About this task:
Where a record holds a picture, leave the picture out; otherwise repeat every record exactly.

# # # #

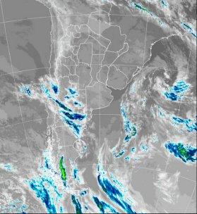 La foto de satélite, presenta un panorama donde dominan los cielos despejados. Se destaca el avance de una nueva perturbación desde el oeste, la cual se moverá hacia el este durante el resto del día y proyectará coberturas sobre gran parte del sur bonaerense. También sobre el extremo sur de la Patagonia se nota algo de actividad y pueden observarse algunas lluvias y nevadas menores sobre la cordillera santacruceña. La zona de alta presión domina el centro norte del país y por lo pronto se constituye en un fuerte factor de estabilidad.
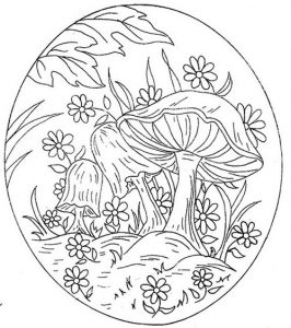در این طرح، معمولاً قارچهایی با کلاهکهای قرمز و سفید دیده میشوند که نقطههای سفید روی کلاهک قرمزشان، آنها را شبیه به قارچهای افسانهای میکند. کنار این قارچها، گیاهان کوچک، برگها و گاهی حلقههای قارچی دیده میشوند که همه با هم یک منظره زنده و شاد از جنگل را به نمایش میگذارند.
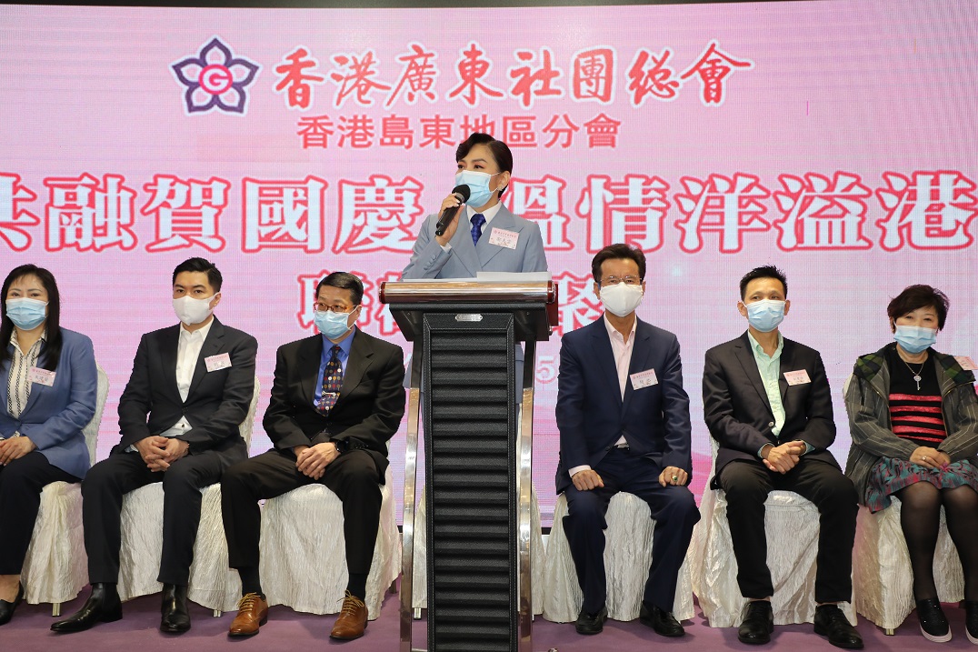 香港廣東社團總會香港島東地區分會日前舉行「社區共融賀國慶 溫情洋溢港島東」聯歡茶敘活動。民政事務局副局長陳積志,港區全國人大代表、香港廣東社團總會香港島東地區分會主任鄺美雲,香港島各界聯合會地委會主任劉慶揚,香港廣東社團總會香港島東地區分會常務副主任胡池、常務副主任劉毅、朱建蘭、林其龍、馮翠屏、吳家榮等出席主禮。
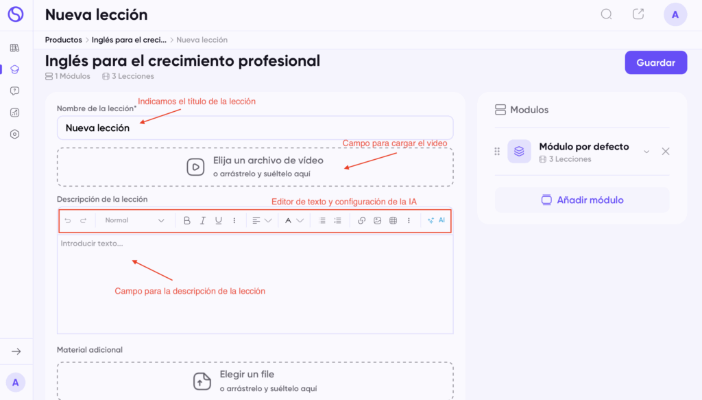 Comenzaremos con la configuración de la lección. En la página de la lección, se puede modificar su título, añadir videos educativos y una descripción.
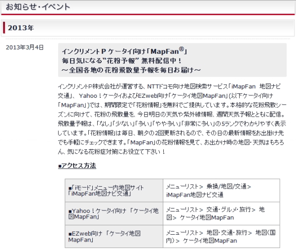 インクリメントP、携帯向けの「MapFan」で「花粉情報」を限定無料配信
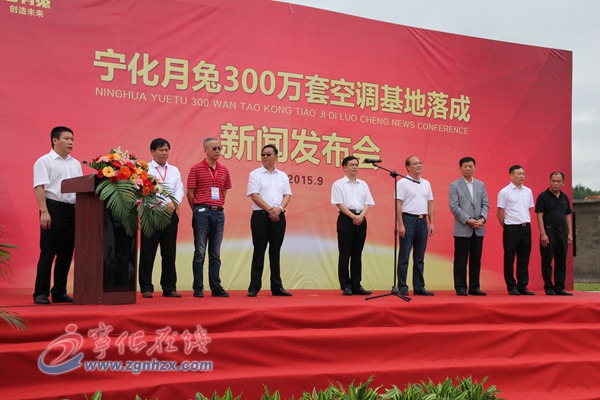 ??? 當天,寧化月兔科技有限公司舉行300萬套空調基地落成新聞發布會。三明市委常委、常務副市長朱昌賢,寧化縣委書記肖長根、縣長余建地,市縣有關部門負責人等,寧化月兔科技有限公司董事長史泉、總裁王強,及來自各地的800多名經銷商參加新聞發布會。
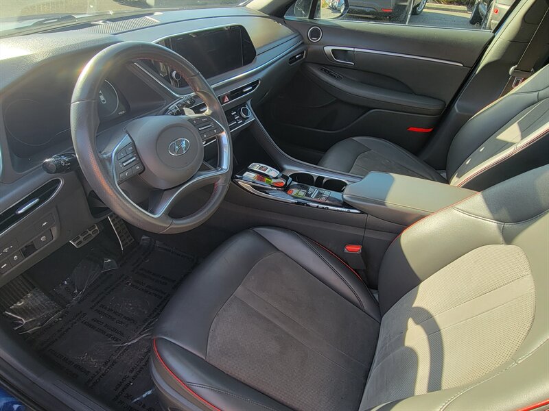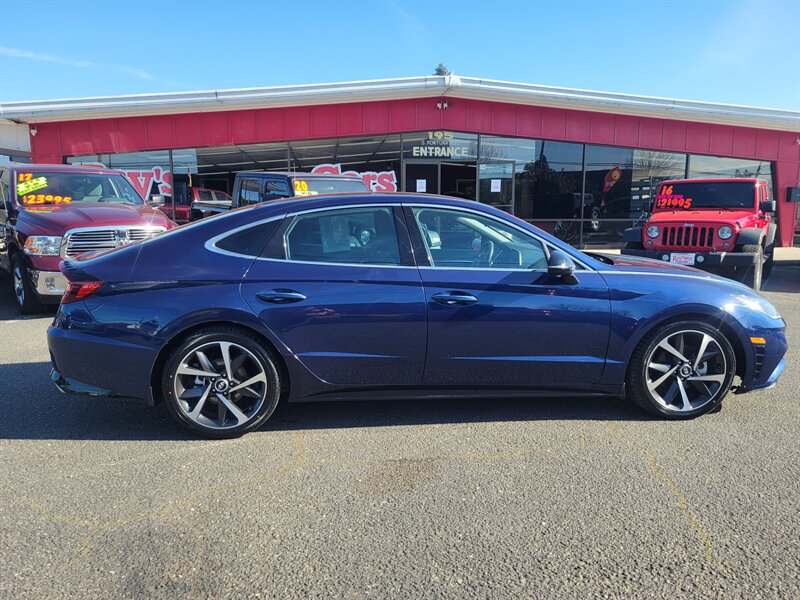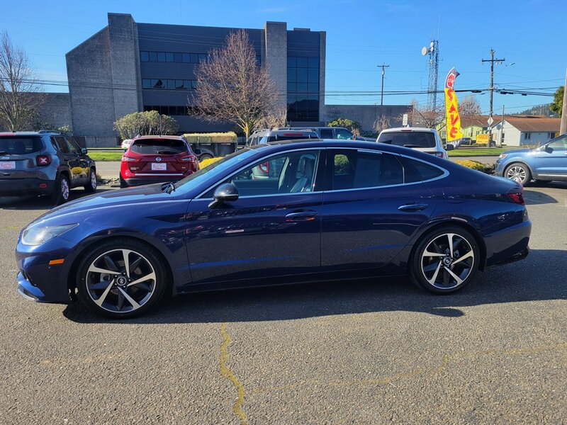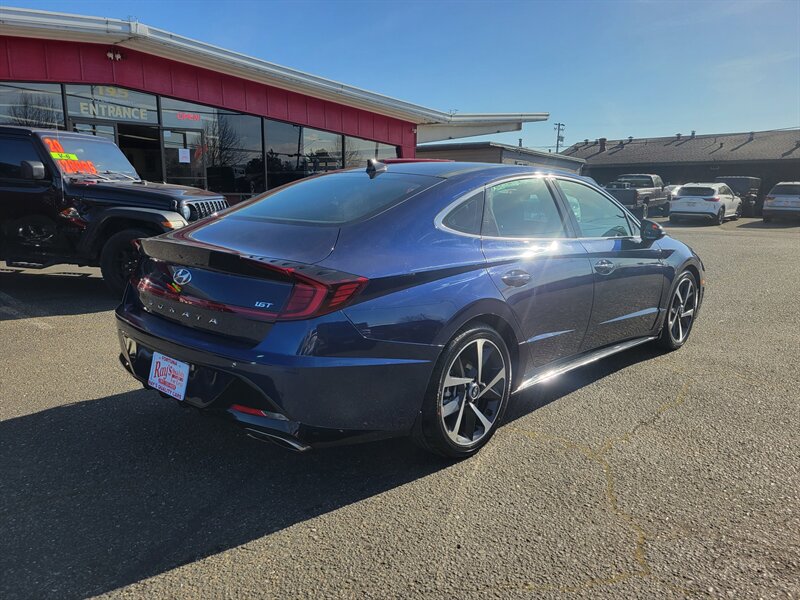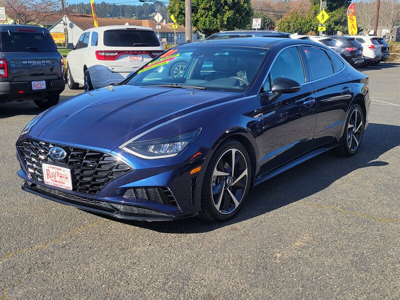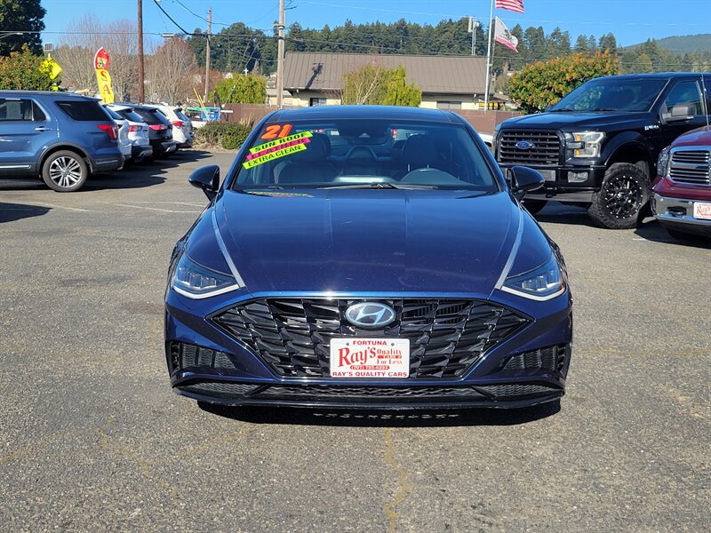 Bright and confident 2021 Hyundai Sonata SEL Plus in Stormy Sea with a Gray interior, powered by a 1.6L Turbo I4 delivering 180 hp and 195 lb-ft of torque — EPA-rated 27 MPG city / 37 MPG highway. Factory-equipped with an 8-inch touchscreen infotainment system with Apple CarPlay and Android Auto, Bluetooth and SiriusXM; dual-zone automatic climate control; proximity key with push-button start; heated front seats and a power-adjustable driver’s seat with leatherette seating surfaces; LED lighting, alloy wheels and a rearview camera. Safety is strong with Hyundai SmartSense features including forward collision-avoidance, lane keeping assist, blind-spot monitoring and rear cross-traffic alert. This Sonata is in excellent overall condition and ready to go!

# # # #

Task result:
 La foto de satélite, presenta un panorama donde dominan los cielos despejados. Se destaca el avance de una nueva perturbación desde el oeste, la cual se moverá hacia el este durante el resto del día y proyectará coberturas sobre gran parte del sur bonaerense. También sobre el extremo sur de la Patagonia se nota algo de actividad y pueden observarse algunas lluvias y nevadas menores sobre la cordillera santacruceña. La zona de alta presión domina el centro norte del país y por lo pronto se constituye en un fuerte factor de estabilidad.
در این طرح، معمولاً قارچهایی با کلاهکهای قرمز و سفید دیده میشوند که نقطههای سفید روی کلاهک قرمزشان، آنها را شبیه به قارچهای افسانهای میکند. کنار این قارچها، گیاهان کوچک، برگها و گاهی حلقههای قارچی دیده میشوند که همه با هم یک منظره زنده و شاد از جنگل را به نمایش میگذارند.
 香港廣東社團總會香港島東地區分會日前舉行「社區共融賀國慶 溫情洋溢港島東」聯歡茶敘活動。民政事務局副局長陳積志,港區全國人大代表、香港廣東社團總會香港島東地區分會主任鄺美雲,香港島各界聯合會地委會主任劉慶揚,香港廣東社團總會香港島東地區分會常務副主任胡池、常務副主任劉毅、朱建蘭、林其龍、馮翠屏、吳家榮等出席主禮。
 Comenzaremos con la configuración de la lección. En la página de la lección, se puede modificar su título, añadir videos educativos y una descripción.
 インクリメントP、携帯向けの「MapFan」で「花粉情報」を限定無料配信
 ??? 當天,寧化月兔科技有限公司舉行300萬套空調基地落成新聞發布會。三明市委常委、常務副市長朱昌賢,寧化縣委書記肖長根、縣長余建地,市縣有關部門負責人等,寧化月兔科技有限公司董事長史泉、總裁王強,及來自各地的800多名經銷商參加新聞發布會。
 Bright and confident 2021 Hyundai Sonata SEL Plus in Stormy Sea with a Gray interior, powered by a 1.6L Turbo I4 delivering 180 hp and 195 lb-ft of torque — EPA-rated 27 MPG city / 37 MPG highway. Factory-equipped with an 8-inch touchscreen infotainment system with Apple CarPlay and Android Auto, Bluetooth and SiriusXM; dual-zone automatic climate control; proximity key with push-button start; heated front seats and a power-adjustable driver’s seat with leatherette seating surfaces; LED lighting, alloy wheels and a rearview camera. Safety is strong with Hyundai SmartSense features including forward collision-avoidance, lane keeping assist, blind-spot monitoring and rear cross-traffic alert. This Sonata is in excellent overall condition and ready to go!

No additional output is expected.